Most patients, when wondering about dental implants immediately think of the price. Once that is settled, the next thing (quite naturally) on their mind is: how painful is my dental implant treatment going to be? The answer you usually see on the internet is that it will not be painful, but when reading reports, many patients experience pain. So what is the truth? Do dental implants hurt? Here is an overview of the factors that can cause pain, and can be a problem for patients getting dental implants.
The procedure itself
The procedure of getting dental implants is painless, as it is done under local anaesthetic, meaning it will be numb the entire time the dentist is in there. This means that you will not be in any pain. If you feel anything at all, that means that the anaesthetic is not working, and you either need to get it injected elsewhere, or you need to get more of it. Some people do have a higher tolerance for it than others, so if you feel anything, ask for a second shot.
Once the anaesthetic wears off though, you will experience some degree of pain. The area will be sore and quite possibly bruised as well, but you will be prescribed pain medication to help you deal with it. The area will be sore, quite possibly even painful for up to 3 days. The pain should lessen and lessen, and so should the swelling.

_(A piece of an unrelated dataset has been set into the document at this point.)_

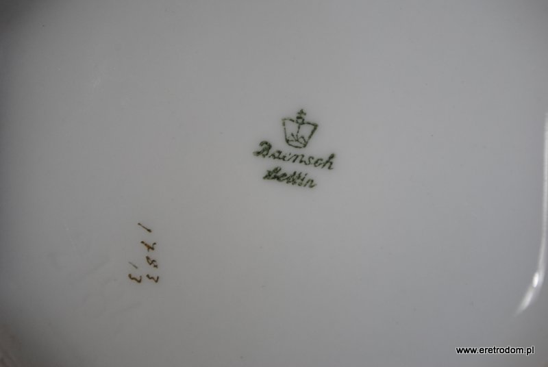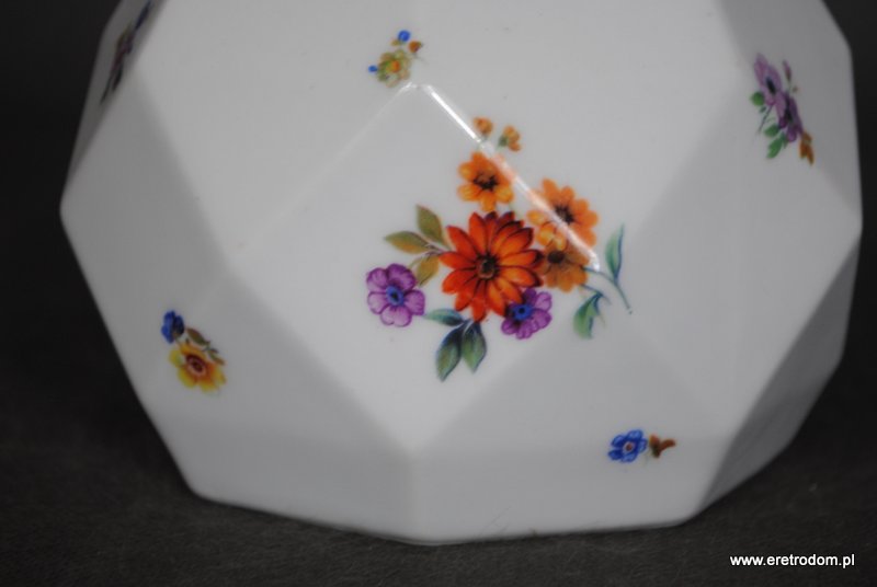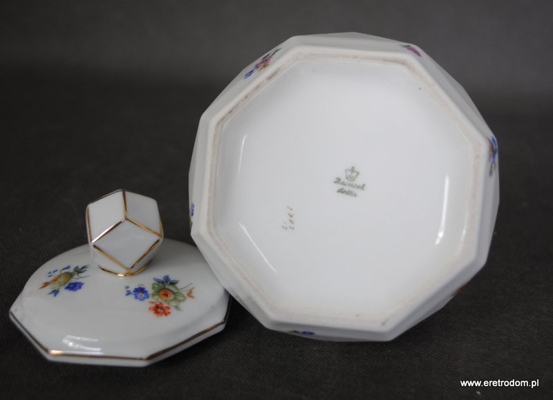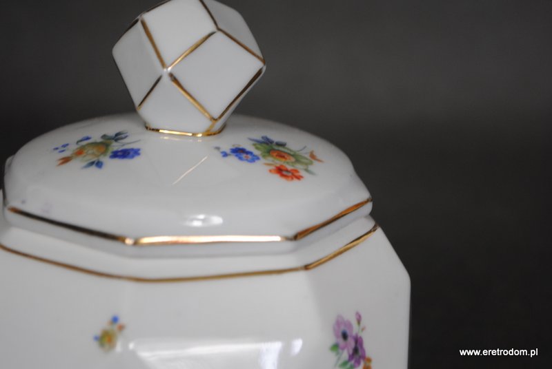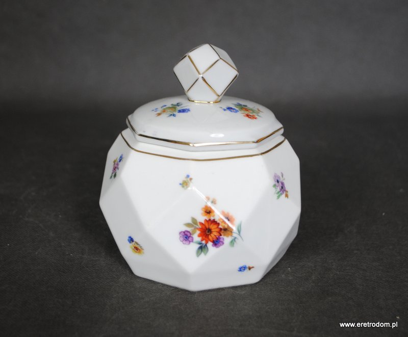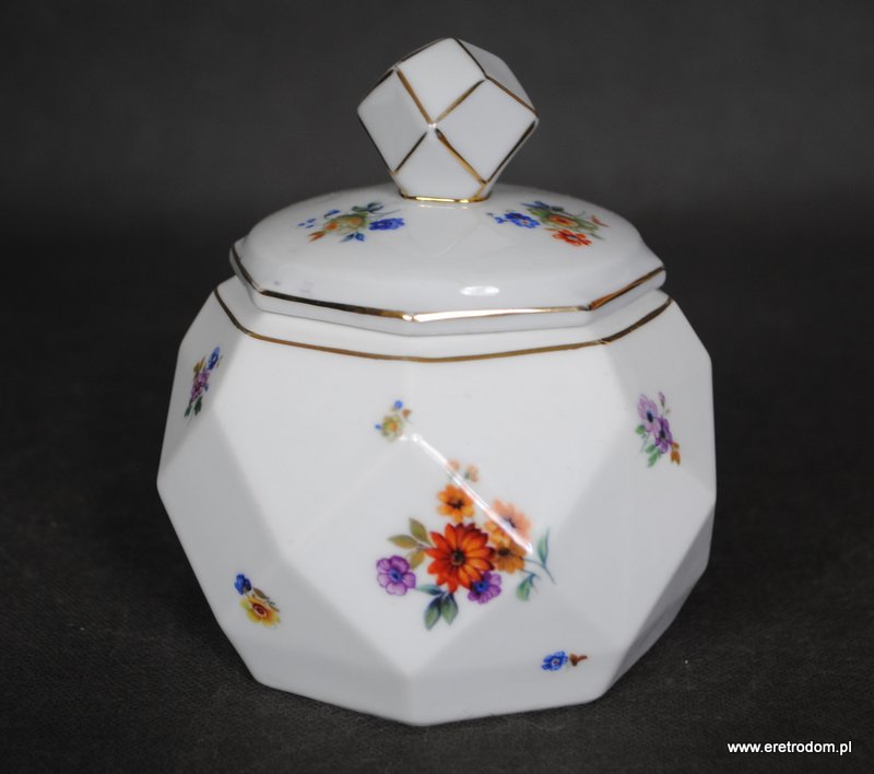 Bombonierka wyprodukowana przez manufakturę Lettin (Niemcy) w latach 1927-1945. Biała, dość delikatna porcelana o intrygującej formie. Ozdobiona motywem kwiatowym, złocona.

After around 3 days, there should be no more pain, and definitely not after a week. If the area is sore, swollen, or reacts negatively to everyday sensations, then you have a problem. The dental implant may be touching a nerve, or you may have an infected implant, or peri-implantitis, and these are quite serious conditions that require immediate medical attention.

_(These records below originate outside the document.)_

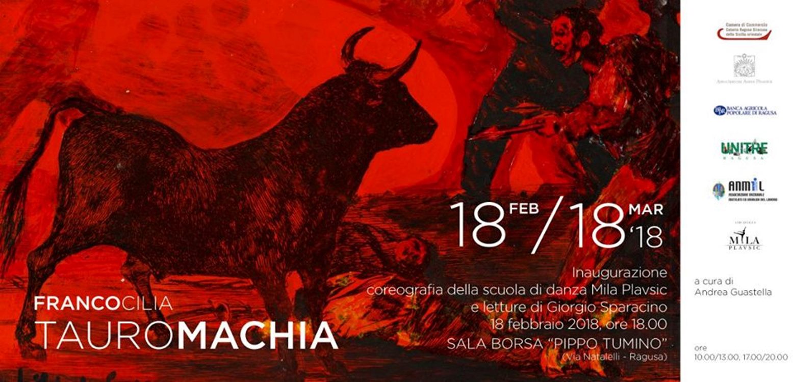 Ragusa, 17 febbraio 2018 – Domenica 18 febbraio 2018, alle ore 18, presso la Sala Borsa “Pippo Tumino” della Camera di Commercio (via Natalelli), sarà inaugurata la mostra di Franco Cilia “Tauromachia”, a cura di Andrea Guastella.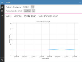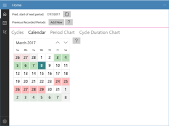 The easy app to track your menstrual cycles! Simply enter your period and this app will analyse how they differ from month to month. The periods you enter will be plotted in graphs and also on a scheduler where you can see predictions for your next periods (predictions are informative (and a guess) only, always use your own judgment to determine when your next period will start).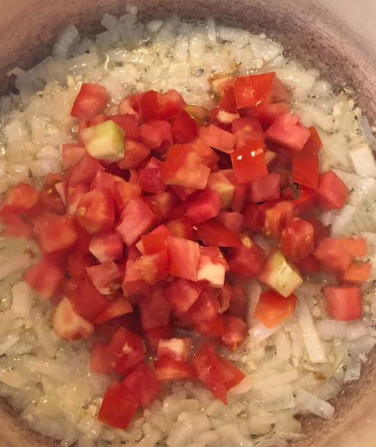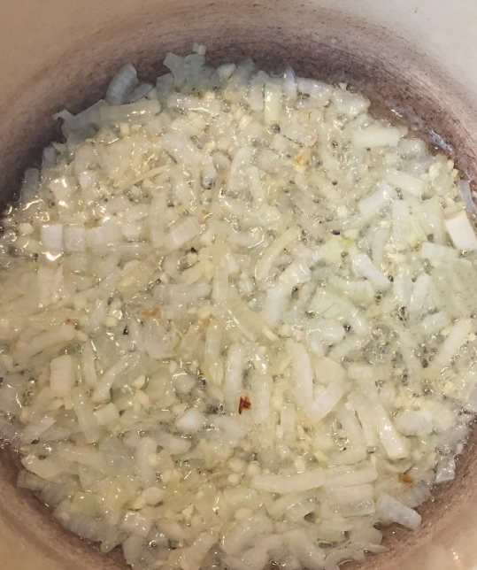 - Heat avocado oil in a large pot over medium heat. Add onion and sauté 5 minutes until soft and golden.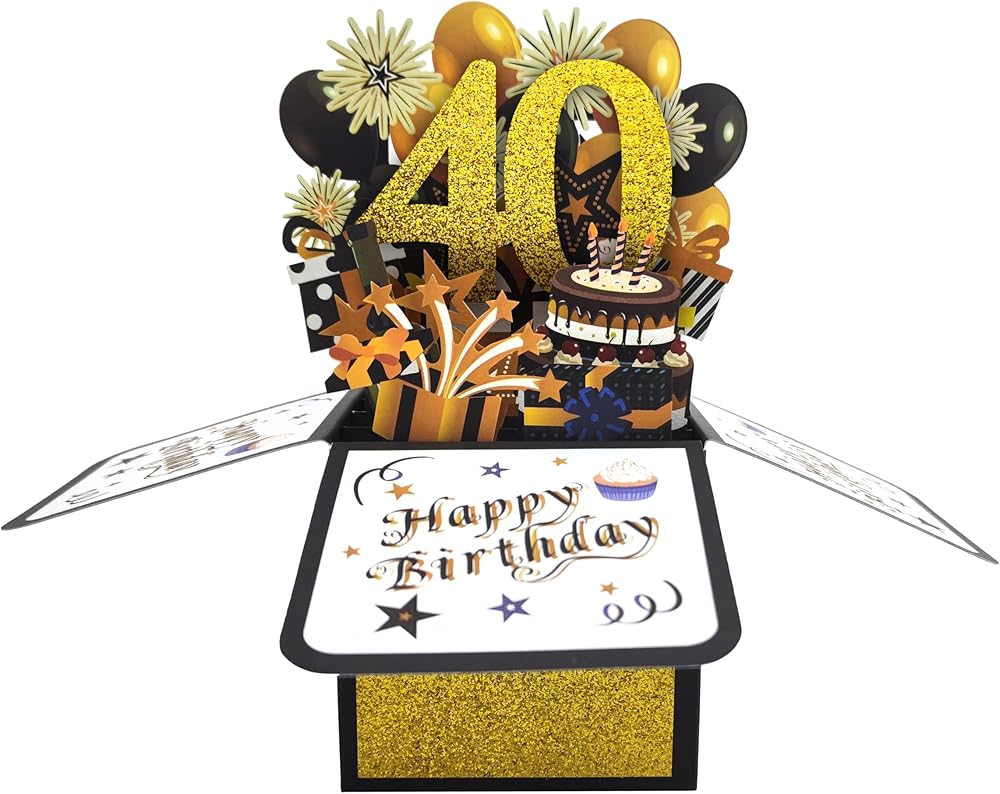 Introducing our Glittery Birthday Pop Up Card - the perfect way to celebrate birthdays in style! With its eye-catching gold and black 3D design, this card is sure to impress any recipient and make a lasting impact.
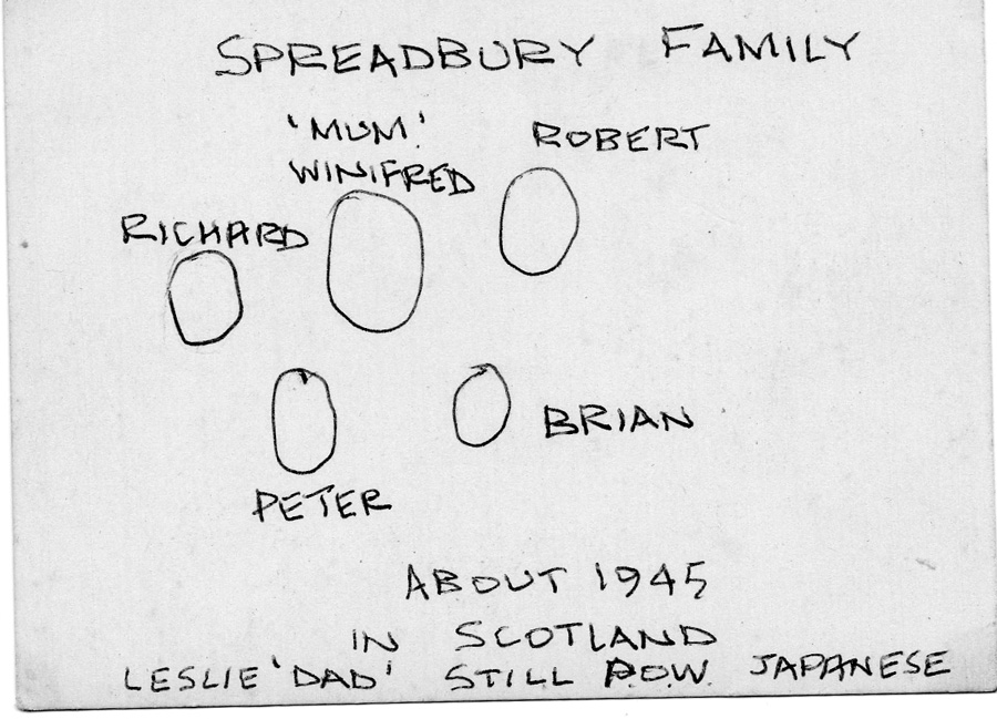 At the end of 1941, Singapore itself was bombed and I remember standing outside our quarters in Changi on the opposite side of the island, with Dad, watching the flashes and Dad saying “It looks like the balloon has gone up” After that he was gone for long periods at a time, apparently defusing unexploded bombs. He would come home at intervals for a change of clothes and a meal while Mum took care of the boys.
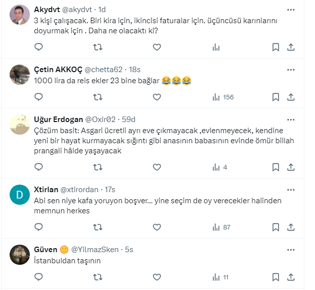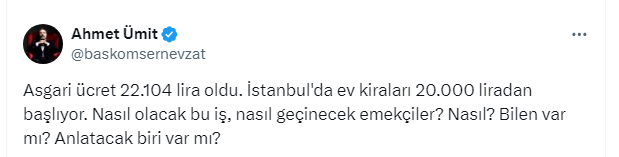 Ümit paylaşımında şunları söyledi: Asgari ücret 22.104 lira oldu. İstanbul'da ev kiraları 20.000 liradan başlıyor. Nasıl olacak bu iş, nasıl geçinecek emekçiler? Nasıl? Bilen var mı? Anlatacak biri var mı?

There are many factors to consider when thinking about dental pain. Each patients reacts differently to stimuli, meaning that what one person sees as the edge of painful sensation is unbearable to another one. Pain medication tolerance is another factor that determines how much pain you feel after your dental implant. The position of the nerves, the thickness of the gums and the density of your jawbone are all factors that can determine how your body will react.